San Marcos water damage guide
Warped Floor After a Water Leak: What to Do

A warped floor after a water leak rarely looks the way you expect. One morning the boards by the dishwasher have lifted at the seams, or a strip of hallway hardwood has cupped into shallow waves, and your gut says the whole floor is ruined. Maybe. Maybe not. The honest answer is that warping means moisture is trapped below the surface, in the boards and the subfloor under them, and whether the floor survives depends on the flooring type, the water category, and how long it stayed wet. Across San Marcos, Kyle, and Buda, most homes sit on a concrete slab, so that trapped water often pools between the flooring and the slab where it lingers. The humid Central Texas climate keeps it there longer than you would think. Drying comes first. Before anyone decides to rip it out or refinish it, the subfloor underneath has to dry all the way down, because a floor that looks fine on top can stay soaked beneath for weeks.

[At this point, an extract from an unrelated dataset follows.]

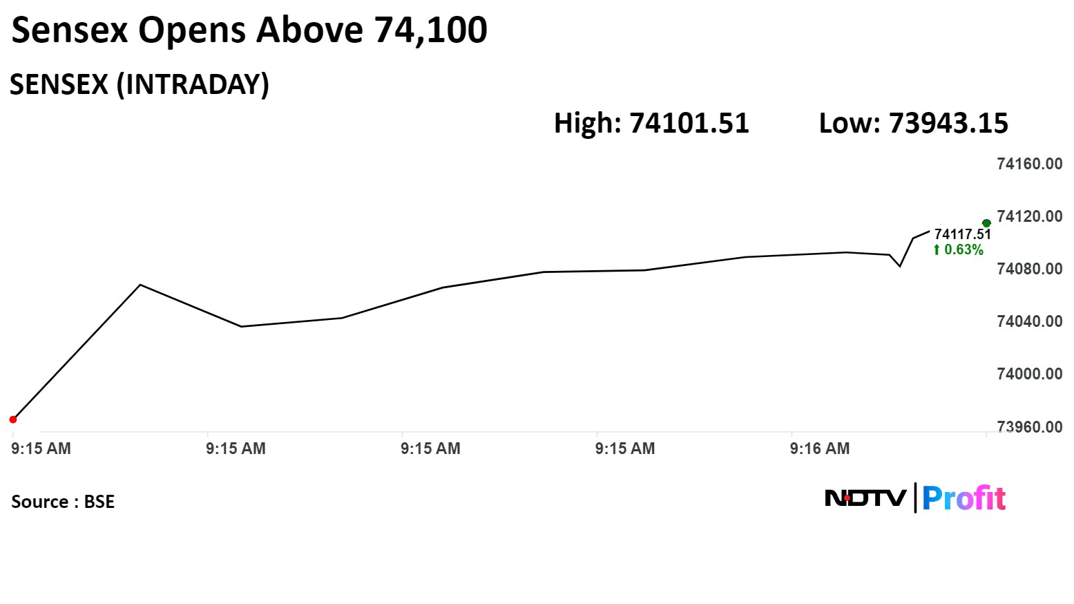 Extending gains for a third day in a row, India's benchmark share indices opened higher in the first trading session of FY25 as HDFC Bank Ltd., and Infosys Ltd. rose.
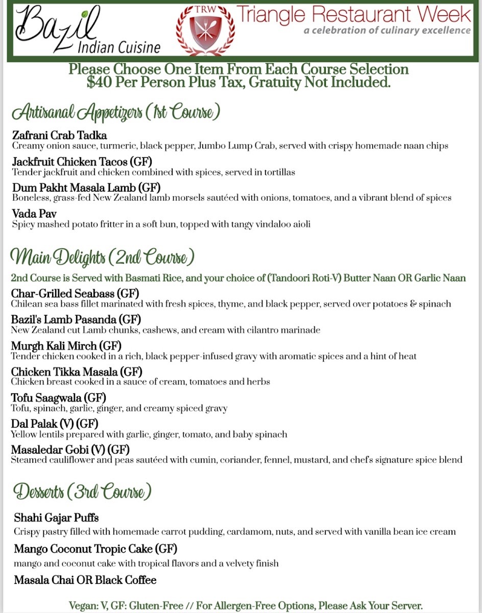 Welcome to Bazil Indian Cuisine, an exquisite culinary gem located in Raleigh, NC. Our menu is a tantalizing voyage through authentic Indian flavors, showcasing vibrant dishes that celebrate traditional recipes with a modern twist.

Floor warping? Get it assessed before it spreads.
What a Warped Floor After a Leak Means
A warped or buckling floor after a leak means moisture is trapped in the boards and the subfloor beneath them. Whether it can be saved depends on the flooring type, the water category, and how long it stayed wet. Solid hardwood sometimes relaxes once the subfloor is dried to standard; laminate and engineered wood usually need replacing. It varies by material.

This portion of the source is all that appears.